By Shan on 6 Sep 2017 | Filed under AUDUSD, Daily Analysis, EURUSD, GBPUSD, News, NZDUSD, Point of View, USDCAD, USDCHF, USDCNY, USDJPY | Comments
The Federal Reserve is getting more dovish in the face of weak inflation data, reducing the likelihood of a third rate hike this year, which traders already see as very unlikely.
Three Fed policymakers on Tuesday expressed doubts about further rate hikes, with one influential policymaker calling for a delay in raising U.S. interest rates until the Fed is confident inflation will rebound.
A second Fed policymaker blamed the Fed’s rate hikes to date not only for weak inflation, but also for undermining the recovery in the labor market that many policymakers including Fed Chair Janet Yellen have cited as they have justified raising rates. Late Tuesday a third policymaker advocated patience on rate hikes, given slow growth and inflation.
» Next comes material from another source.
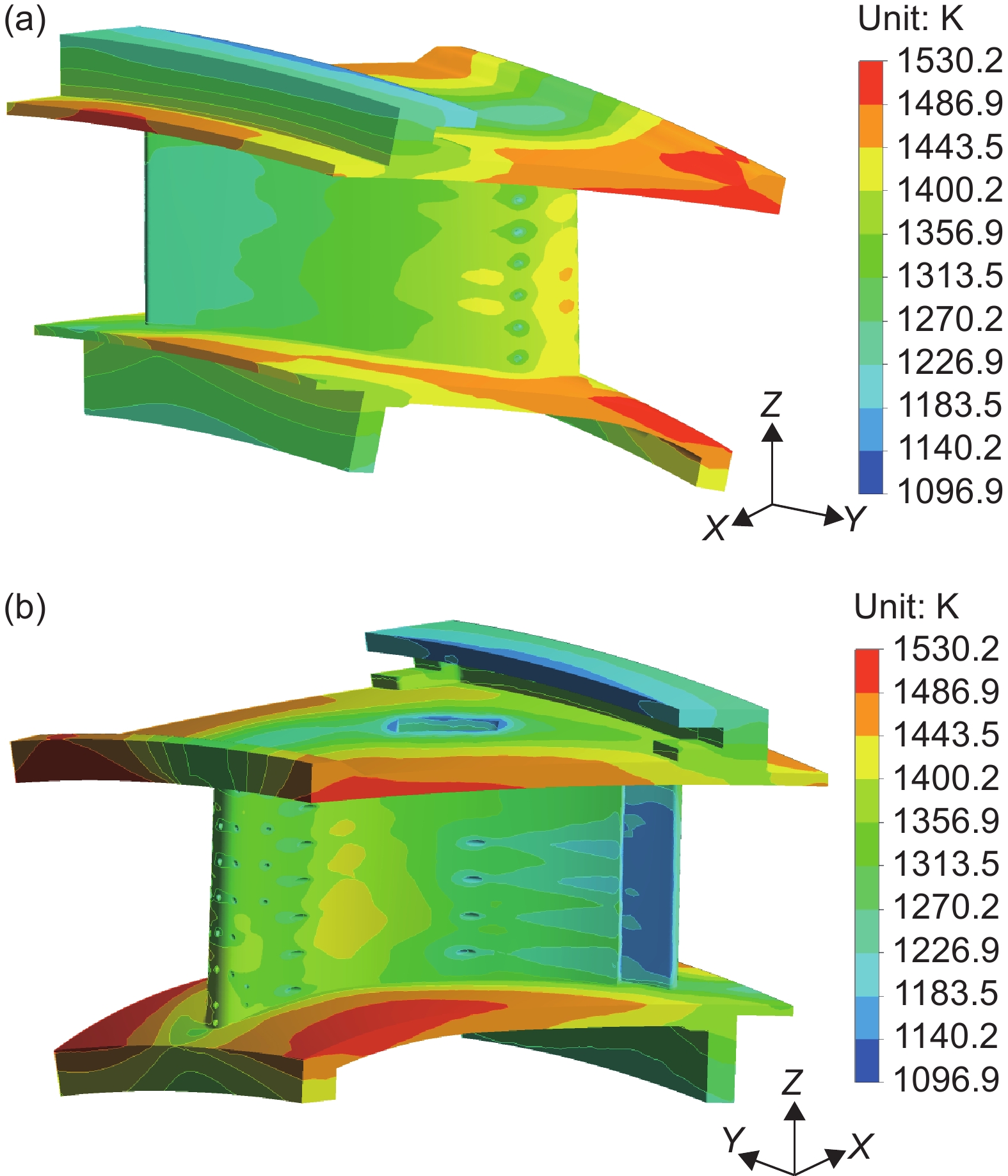 通过对SiCf/SiC陶瓷基复合材料涡轮导向叶片开展数值模拟研究,探究温比和流量比对叶片整体温度及冷却效果的影响。选取变温比和变流量比16个工况进行仿真计算,结果表明,当流量比和温比均增加时,叶片的最高温度、最低温度和平均温度均降低,且下缘板前缘位置出现高温;叶背的冷却效果从前缘到尾缘均逐渐增大,叶盆的冷却效果从前缘到尾缘均先减小后增大。针对单点冷效,当流量比分别为5.28%、7.54%和8.44%时,平均冷效随温比增大先减小后增大;当流量比为3.69%时,平均冷效随温比增大而逐渐减小。同时,中截面平均冷效随流量比增大而增大。

Taken together, the comments from one third of the Fed’s current policy-setting panel suggest that months of falling or flat inflation readings could scuttle plans to raise rates once more this year and three times next year. Fed policymakers next meet Sept. 19-20 and are due to release fresh economic forecasts that may envision a flatter path for rate hikes ahead.
In a speech at the Economic Club of New York, Fed Governor Lael Brainard said the U.S. central bank should go so far as to make clear it is comfortable pushing prices modestly above the Fed’s 2 percent target. The Fed’s preferred gauge now stands at 1.4 percent.
“We should be cautious about tightening policy further until we are confident inflation is on track to achieve our target,” said Brainard, a permanent voting member of the Fed’s monetary policy committee who in the past has convinced colleagues to delay tightening.
Point Of View:
Based on the dovish comments of 3 Fed policy makers, the chances of another interest rate hike this has further dropped as inflation and U.S. economic data suggest a weaker economy.
Besides, due to the hurricane situation in Harvey, geopolitical risks in the North Korea missile, dollar is likely to remain bear for the second half of this year.
However, if the debt ceiling is a smooth one, that may help is bringing the dollar up.
Overall, dollar strength is weaker due the economy and political uncertainties.